Hi,
I am developing some processing pipelines (Quality Control, Mapping, Variant Calling ...) for NGS data.
Certainly a bad behavior, but at the beginning you make some choices about your pipeline (tools used, order of tools, home-made code for a particular step, ...) and your pipeline gives you satisfaction for quite a while. But then one day, a brand new mapper arrives and you need to remove the old core mapping algorithm and plug in the new one (and you may need to adapt some processing around this tool as well). This new pipeline will generate new results with its own specificities and one has to be able to get back the exact sequence of processing tools used. The older pipeline is not going to be deleted and might be used again for some specific project.
There are several levels of changes that may need to be tracked.

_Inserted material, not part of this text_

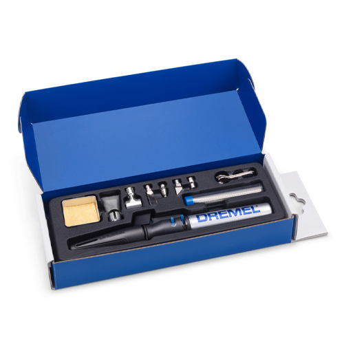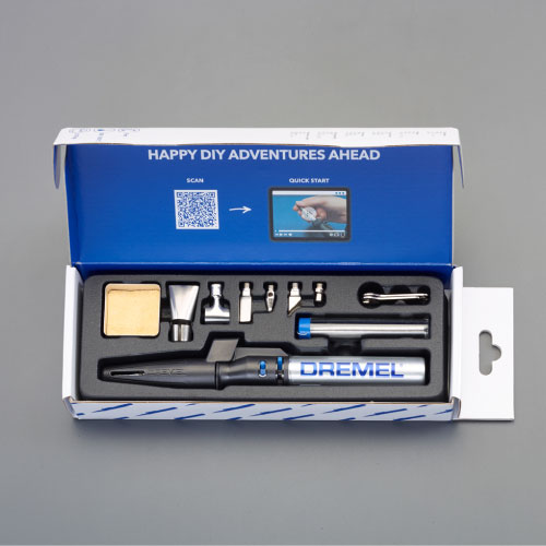| 用途 | はんだ付け、ナイロンテープの切断 プラスチックや熱加工材の溶解・成型 直火作業、プラスチックシートや熱加工材の切断 熱加工材の収縮、塗料除去の準備 電線に使用する感熱絶縁材の収縮 | <セット内容> | 本体、はんだ付け先端工具、デフレクター、切断ナイフ、熱風用切断工具、形削りナイフ、広角炎用ヘッド、焼き絵用ビット、はんだ用スポンジ、はんだ、レンチ2種(7mm・8mm) |

For instance if we look at a pipeline as a series of processing boxes, changes could be :
- A tool inside a box changes (
BWA
forStampy
for instance) - The version of a used tool in a box changes
- Parameters supplied to a tool change (
bwa sampe
forbwa sampe -s
) - Order of processing changes (
MarkDup
beforeIndelRealigner
or the opposite) - Others minor changes in the code that could slightly affect the behavior of pipeline
What changes, in your opinion, requires to be tracked and what are your experience/practice on this matter ? Is this essentially a manual task or some tools do exist to provide an automatic numbering?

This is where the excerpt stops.